# Jeff's Rub & BBQ Sauce (review for anyone interested in purchasing)



## wildwes (May 28, 2011)

I gotta say I was skeptical about buying these.  I paid for the recipes, but when I went to download them from the digital download site it would not let me.  I emailed Jeff, told him about my problem, and within an hour he had emailed me back including the recipes in a .pdf attachment and also including the recipes in the actual email incase the .pdf didn't open.  The email was very thorough and I really appreciated reply from Jeff.  Like I said I was a little skeptical to buy these, but felt a little better after his email.

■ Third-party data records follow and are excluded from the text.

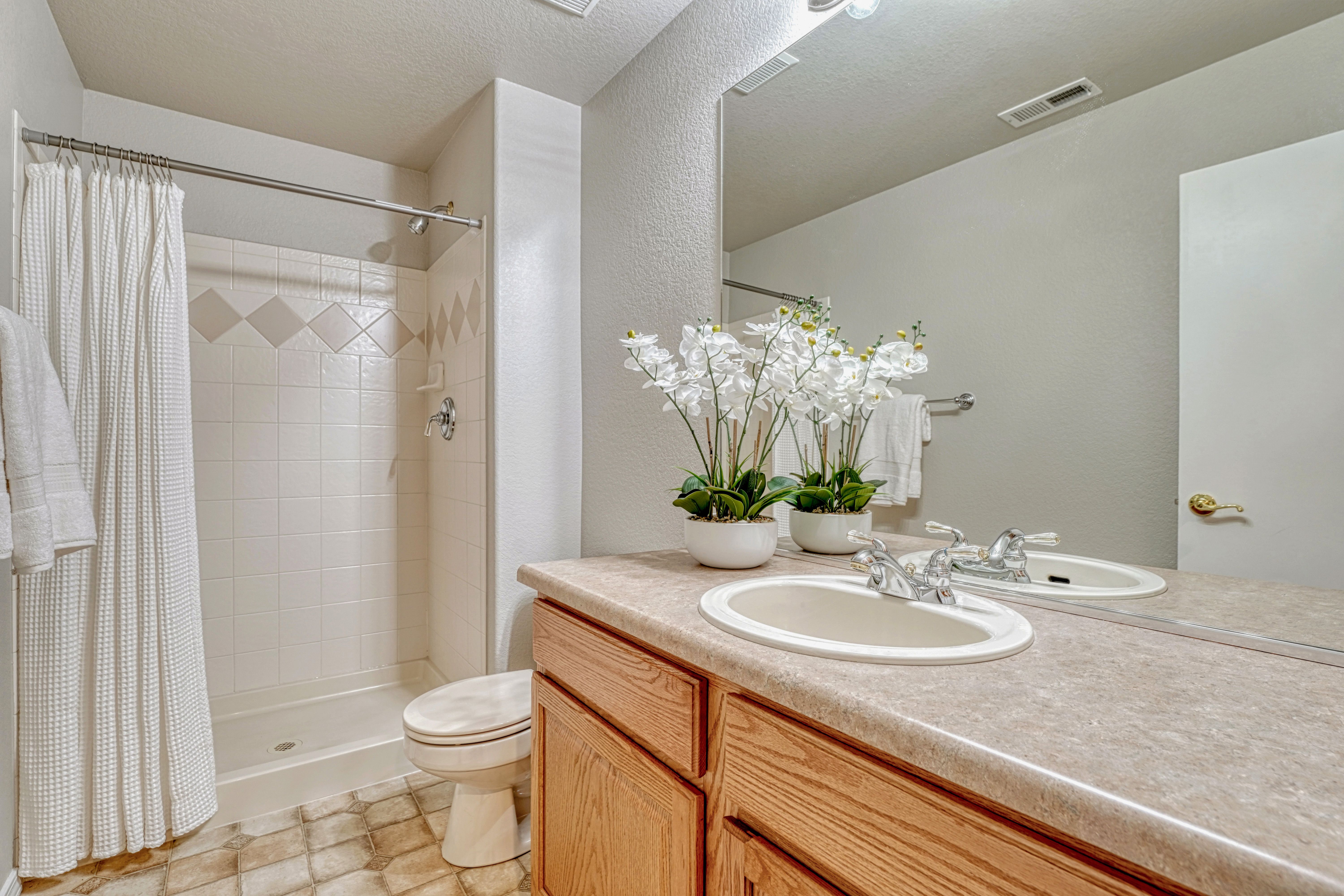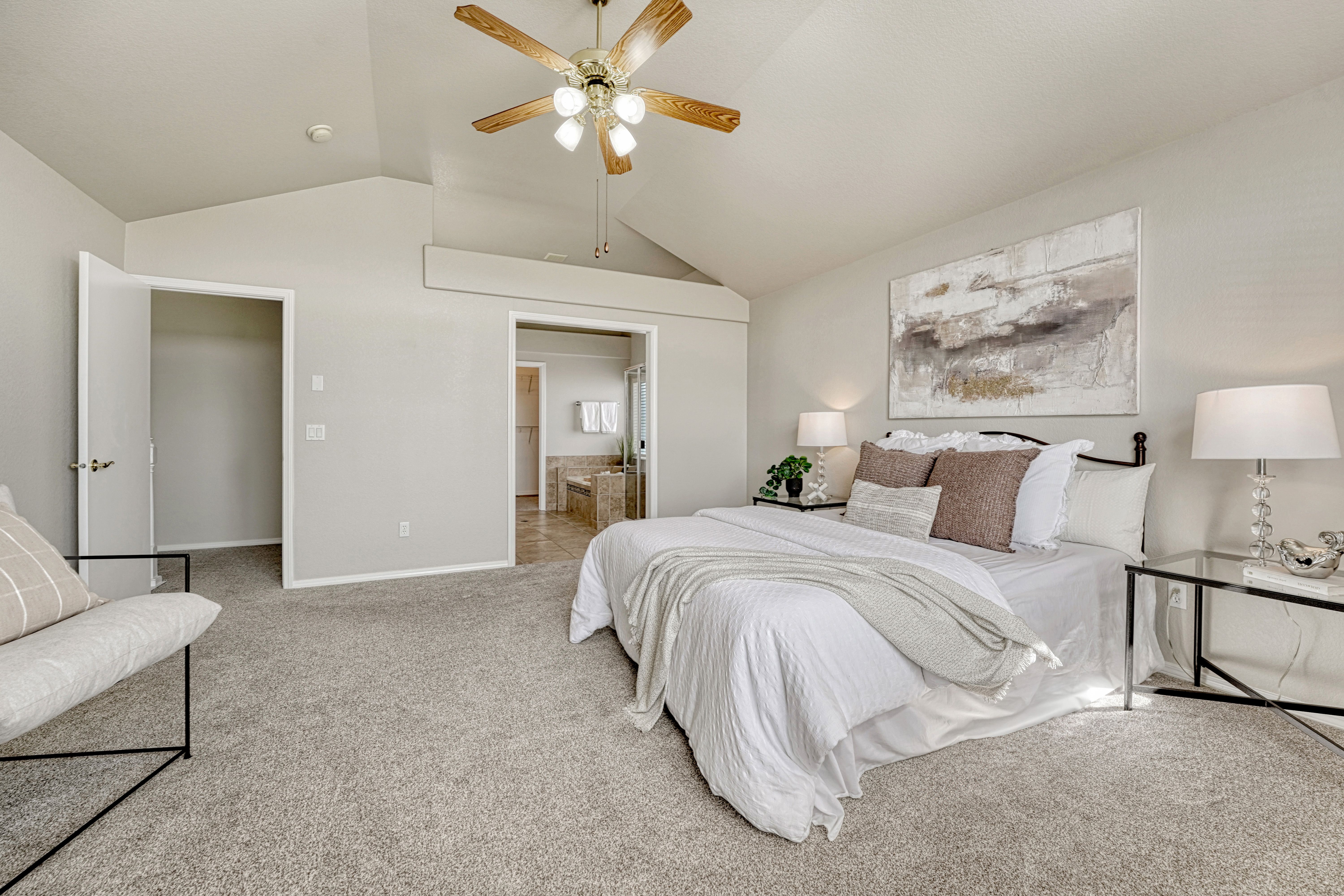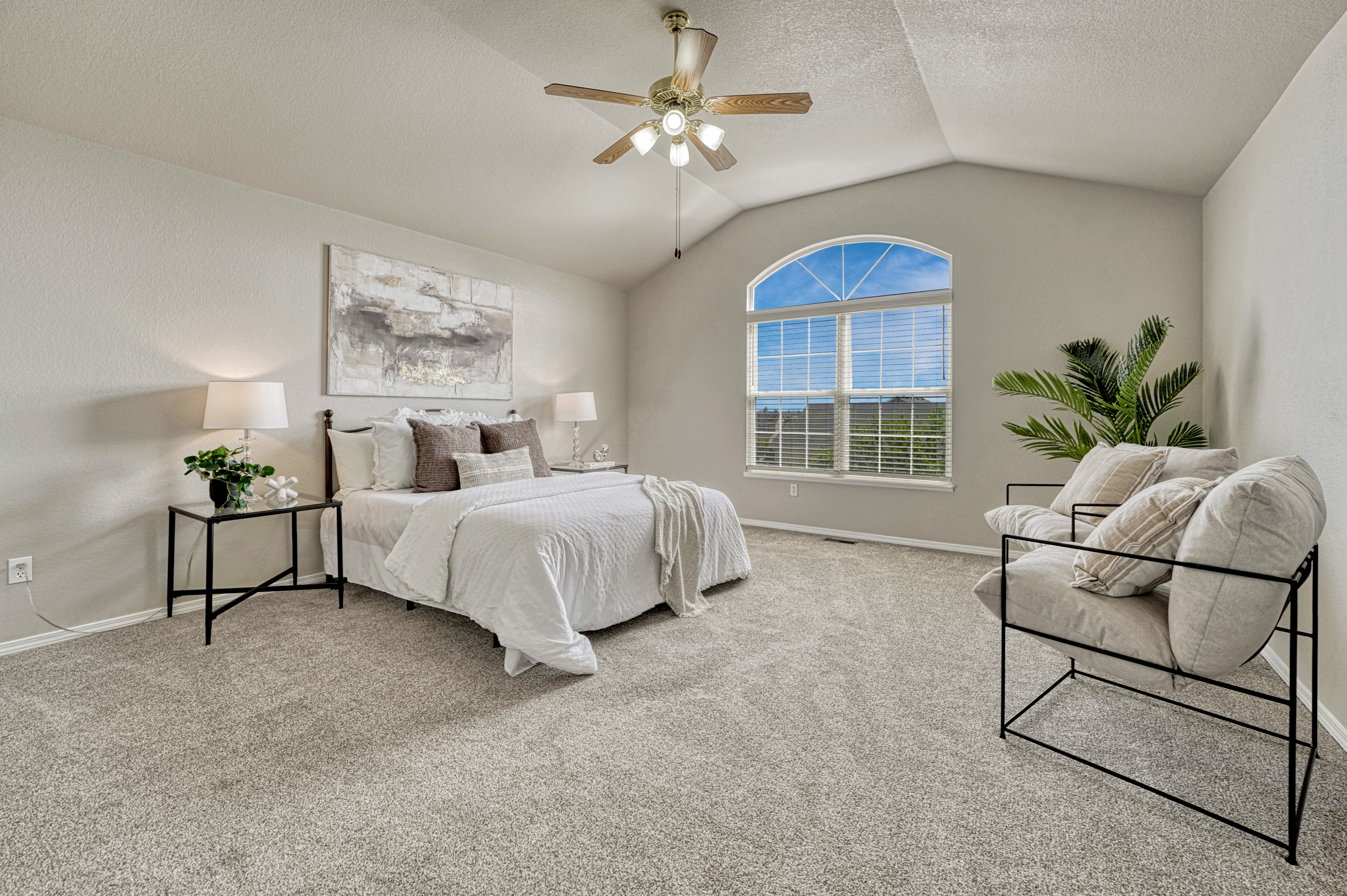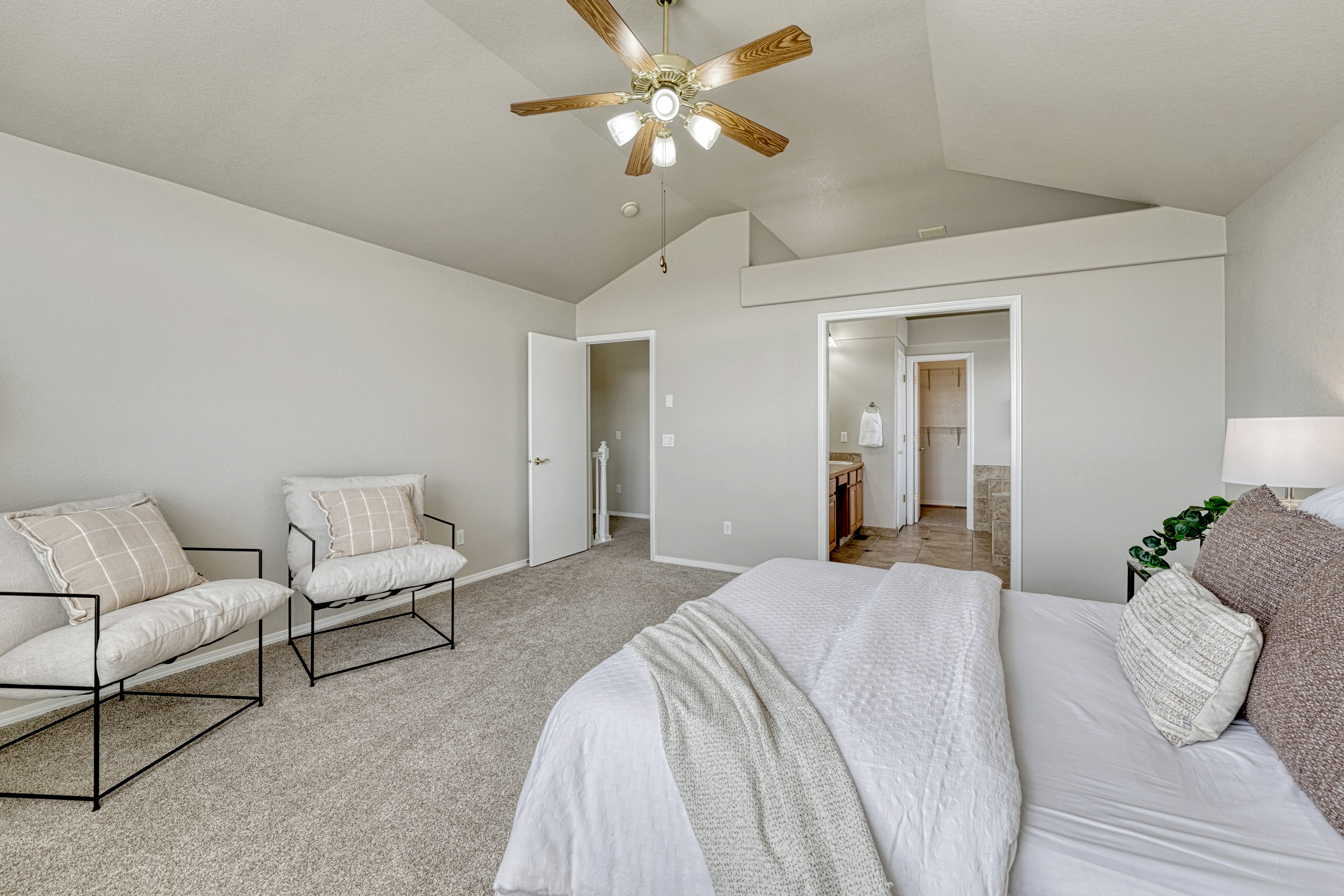 This move in ready home reflects thoughtful upgrades throughout. With five bedrooms, three and a half bathrooms, and a two car garage, the location offers convenient access to parks, schools, shopping, and both Peterson and Schriever Space Force Bases. Natural light fills the main level, highlighting hardwood floors, fresh interior paint, and updated fixtures with no carpet on the main. The kitchen features a newly added island, stainless steel appliances installed in 2023, and cabinetry that flows into the dining and living areas, creating a layout that works well for everyday living and gatherings. Upstairs offers newer carpet, three spacious bedrooms, and a private primary suite designed for comfort. The basement offers a large, ready for anything recreation space with a large bedroom and full bathroom. Outdoor living extends to a Trex deck added in 2024, overlooking a fenced yard with refreshed landscaping. A Class IV shingle roof installed in 2023 adds lasting durability.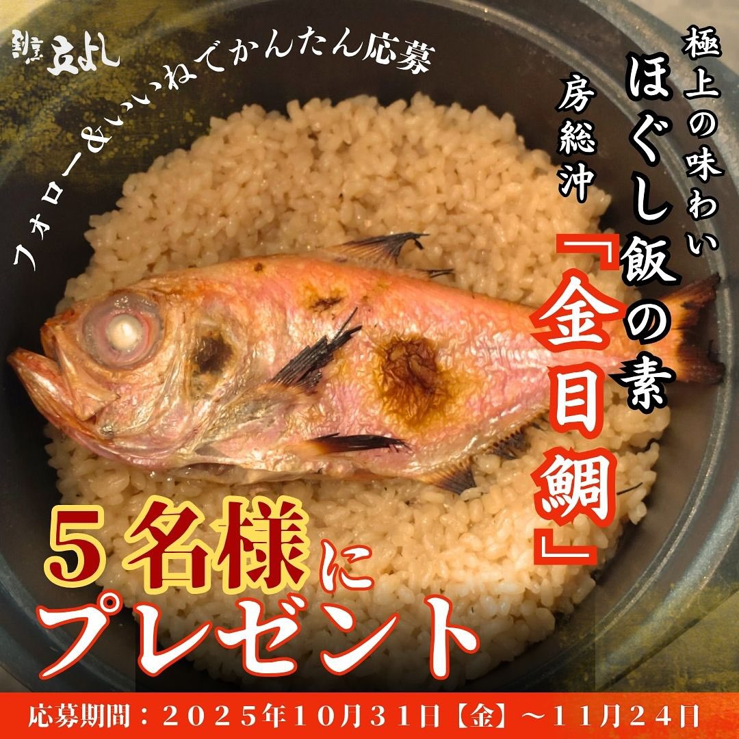 【Instagram懸賞】ほぐし飯の素 金目鯛を5名様にプレゼント 2025.11.21割烹立よし‐プレミアムほぐし飯の素発売記念 賞品:ほぐし飯の素 金目鯛(5名様) 締切:2025年11月24日(月)応募方法: 1. 公式Instagramアカウントをフォロー 2. 対象の投稿に「いいね!」※詳細はキャンペーンページにてご確認ください。応募はこちらから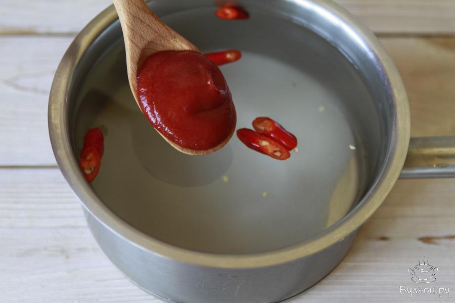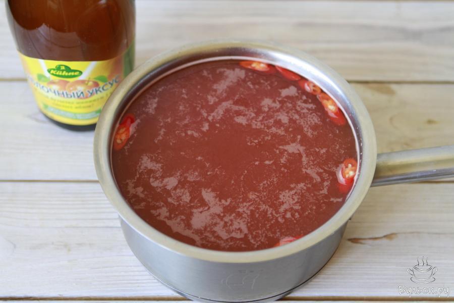 6. Через 10 минут слить воду. Готовим рассол. Добавляем в кастрюлю на один литр воды 2 столовые ложки соли, 8 столовых ложек сахара, 8 столовых ложек любого кетчупа и один острый перец чили.

My next task was to make the rub and the sauce, which I did the following day.  I love BBQ Sauce.  BBQ Sauce is to me how Franks Red Hot Sauce is to other people:  I PUT THAT SHIT ON EVERYTHING.  :)    Anyway, after making his sauce I was very impressed.  I put it on ribs, rabbit, hamburgers and it was good on everything.  It was good the day I made it, however, since it has been sitting in my refrigerator it has only gotten better.  The flavor from the ingredients really comes out in the Q Sauce once it sits and 'marinates' for a couple days.  My family loves a BBQ Sauce from a local rib house, so the day I made the sauce (before I did) I stopped by and bought a quart.  I can say that was the biggest waste of time.  We never even opened the sauce.  Once we all tried Jeff's Q Sauce we were hooked.  We made a double batch the first time and I'm so glad we did (not that its hard to make or anything) because it has been disappearing left and right.  The quart of sauce I bought it still in the fridge virtually untouched & Jeff's is down to the last bit.  Looks like its time to make more!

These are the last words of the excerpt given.